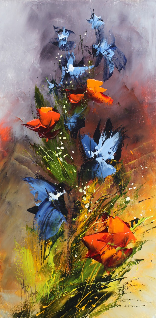 Manuel Lluballo的花束同时代表了瞬间和空间中的运动轨迹。它捕捉到了花朵散落在空中的瞬间的画面。大胆的触感表达了空气的微妙振动和空间的颤动。花是真实的,同时也是虚幻的。它既是现实,又是幻想。他的展览定期在法国画廊和日本著名百货公司举办。
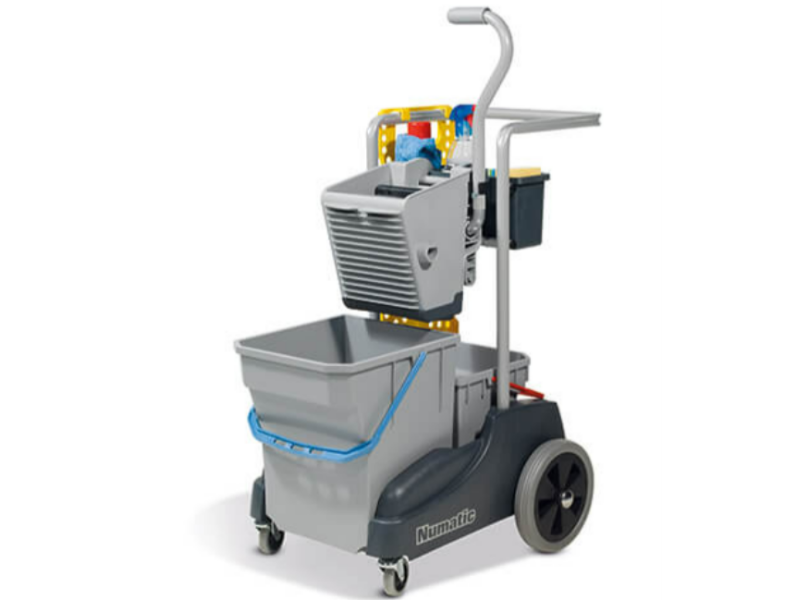 The Twinmop 2815 is a world first, being a complete compact dual bucket mopping system incorporating a large, oversize, clean water bucket, dirty water pail and using Numatic’s patented AWS (Automatic Water Separation) system. A small caddy comes as standard to permit all those essential cloths, sprays, etc to be carried.
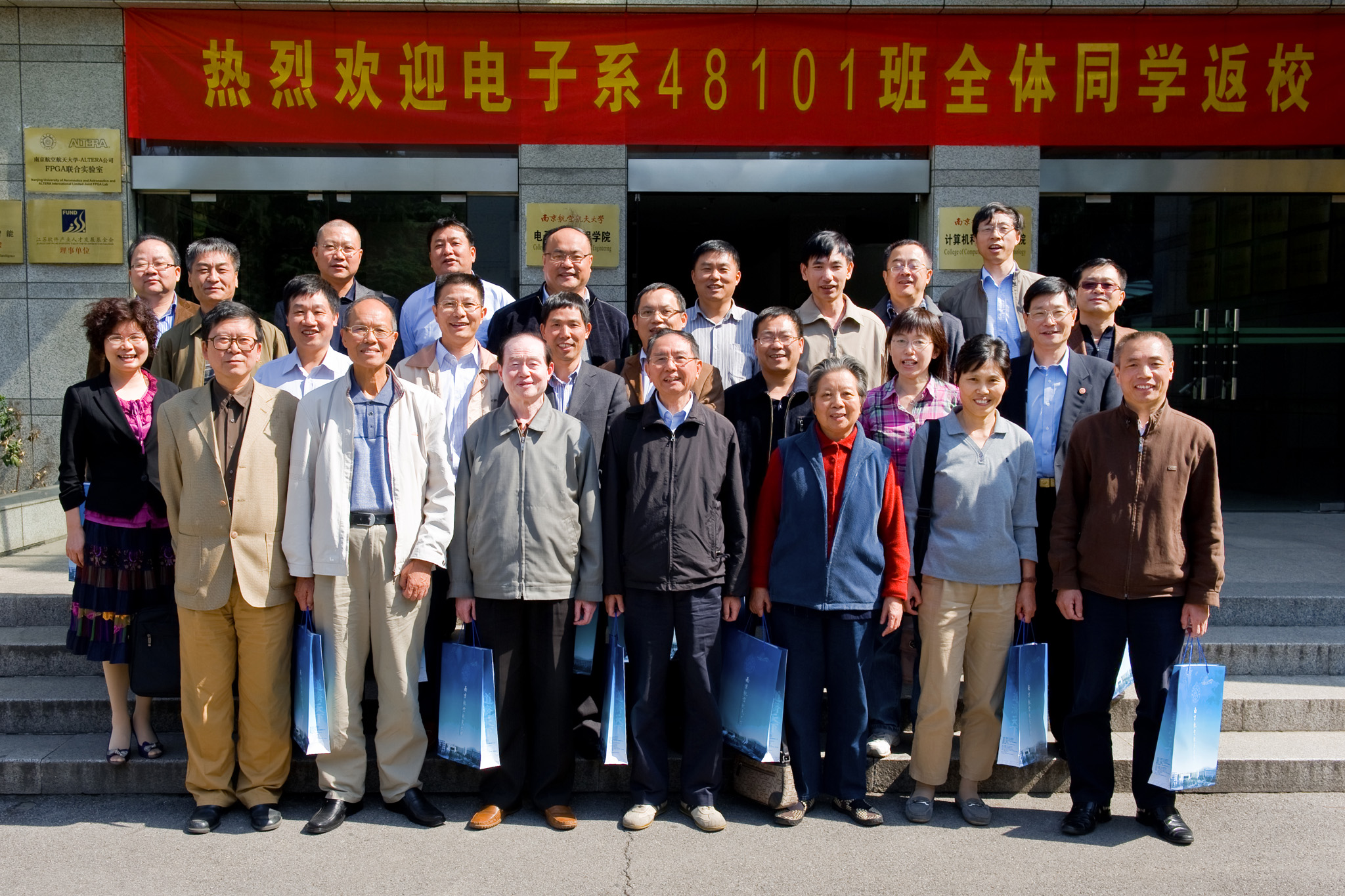 欢迎仪式的最后,为感谢母校的辛勤培育,48101班集体向学院赠送了礼品。仪式结束后,学院领导和老师与校友们合影并参观了明故宫校区和将军路校区。

■ **What is being asked**: Set down again, exactly, the lines of the material above from its first line to the one with "The Twinmop 2815", inclusive. Leave the pictures out.

■ **Response area**:
 Manuel Lluballo的花束同时代表了瞬间和空间中的运动轨迹。它捕捉到了花朵散落在空中的瞬间的画面。大胆的触感表达了空气的微妙振动和空间的颤动。花是真实的,同时也是虚幻的。它既是现实,又是幻想。他的展览定期在法国画廊和日本著名百货公司举办。
 The Twinmop 2815 is a world first, being a complete compact dual bucket mopping system incorporating a large, oversize, clean water bucket, dirty water pail and using Numatic’s patented AWS (Automatic Water Separation) system. A small caddy comes as standard to permit all those essential cloths, sprays, etc to be carried.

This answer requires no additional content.